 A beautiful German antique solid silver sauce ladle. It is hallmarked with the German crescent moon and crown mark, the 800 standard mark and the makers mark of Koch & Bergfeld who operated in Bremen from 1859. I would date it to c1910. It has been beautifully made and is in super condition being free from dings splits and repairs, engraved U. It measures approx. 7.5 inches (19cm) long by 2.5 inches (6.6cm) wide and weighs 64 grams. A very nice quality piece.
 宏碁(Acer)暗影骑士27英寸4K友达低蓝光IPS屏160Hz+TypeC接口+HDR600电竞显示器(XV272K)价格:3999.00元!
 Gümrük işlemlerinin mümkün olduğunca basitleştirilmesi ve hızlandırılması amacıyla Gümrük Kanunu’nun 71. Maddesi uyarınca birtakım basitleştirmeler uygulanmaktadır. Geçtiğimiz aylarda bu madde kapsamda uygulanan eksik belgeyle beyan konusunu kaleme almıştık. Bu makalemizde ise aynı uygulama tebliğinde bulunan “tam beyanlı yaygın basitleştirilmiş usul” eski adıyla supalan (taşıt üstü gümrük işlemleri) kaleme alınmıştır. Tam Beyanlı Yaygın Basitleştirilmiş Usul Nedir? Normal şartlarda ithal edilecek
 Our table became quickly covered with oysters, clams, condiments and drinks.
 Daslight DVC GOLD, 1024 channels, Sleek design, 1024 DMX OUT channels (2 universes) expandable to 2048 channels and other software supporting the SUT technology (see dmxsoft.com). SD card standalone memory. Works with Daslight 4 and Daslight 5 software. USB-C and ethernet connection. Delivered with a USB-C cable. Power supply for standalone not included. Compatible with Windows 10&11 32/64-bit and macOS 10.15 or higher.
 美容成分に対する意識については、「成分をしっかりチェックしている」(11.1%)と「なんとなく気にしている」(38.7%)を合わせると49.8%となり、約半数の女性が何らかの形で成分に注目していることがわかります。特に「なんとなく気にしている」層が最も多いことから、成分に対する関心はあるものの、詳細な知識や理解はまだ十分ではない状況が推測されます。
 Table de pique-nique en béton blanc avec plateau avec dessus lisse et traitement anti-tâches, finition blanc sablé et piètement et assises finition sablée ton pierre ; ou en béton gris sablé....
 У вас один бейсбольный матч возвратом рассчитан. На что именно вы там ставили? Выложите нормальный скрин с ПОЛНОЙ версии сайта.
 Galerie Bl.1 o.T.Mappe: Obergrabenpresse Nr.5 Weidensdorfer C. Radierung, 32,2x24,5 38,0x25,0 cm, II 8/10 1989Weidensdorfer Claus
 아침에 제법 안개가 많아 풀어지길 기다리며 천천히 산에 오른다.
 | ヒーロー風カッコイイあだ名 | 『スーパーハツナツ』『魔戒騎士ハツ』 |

+ + + +

ABOUT THIS EXERCISE:
Could you output, exactly and with nothing else, the lines from the start of the records through the line containing "Table de pique-nique"?

RESULT OF THIS EXERCISE:
 A beautiful German antique solid silver sauce ladle. It is hallmarked with the German crescent moon and crown mark, the 800 standard mark and the makers mark of Koch & Bergfeld who operated in Bremen from 1859. I would date it to c1910. It has been beautifully made and is in super condition being free from dings splits and repairs, engraved U. It measures approx. 7.5 inches (19cm) long by 2.5 inches (6.6cm) wide and weighs 64 grams. A very nice quality piece.
 宏碁(Acer)暗影骑士27英寸4K友达低蓝光IPS屏160Hz+TypeC接口+HDR600电竞显示器(XV272K)价格:3999.00元!
 Gümrük işlemlerinin mümkün olduğunca basitleştirilmesi ve hızlandırılması amacıyla Gümrük Kanunu’nun 71. Maddesi uyarınca birtakım basitleştirmeler uygulanmaktadır. Geçtiğimiz aylarda bu madde kapsamda uygulanan eksik belgeyle beyan konusunu kaleme almıştık. Bu makalemizde ise aynı uygulama tebliğinde bulunan “tam beyanlı yaygın basitleştirilmiş usul” eski adıyla supalan (taşıt üstü gümrük işlemleri) kaleme alınmıştır. Tam Beyanlı Yaygın Basitleştirilmiş Usul Nedir? Normal şartlarda ithal edilecek
 Our table became quickly covered with oysters, clams, condiments and drinks.
 Daslight DVC GOLD, 1024 channels, Sleek design, 1024 DMX OUT channels (2 universes) expandable to 2048 channels and other software supporting the SUT technology (see dmxsoft.com). SD card standalone memory. Works with Daslight 4 and Daslight 5 software. USB-C and ethernet connection. Delivered with a USB-C cable. Power supply for standalone not included. Compatible with Windows 10&11 32/64-bit and macOS 10.15 or higher.
 美容成分に対する意識については、「成分をしっかりチェックしている」(11.1%)と「なんとなく気にしている」(38.7%)を合わせると49.8%となり、約半数の女性が何らかの形で成分に注目していることがわかります。特に「なんとなく気にしている」層が最も多いことから、成分に対する関心はあるものの、詳細な知識や理解はまだ十分ではない状況が推測されます。
 Table de pique-nique en béton blanc avec plateau avec dessus lisse et traitement anti-tâches, finition blanc sablé et piètement et assises finition sablée ton pierre ; ou en béton gris sablé....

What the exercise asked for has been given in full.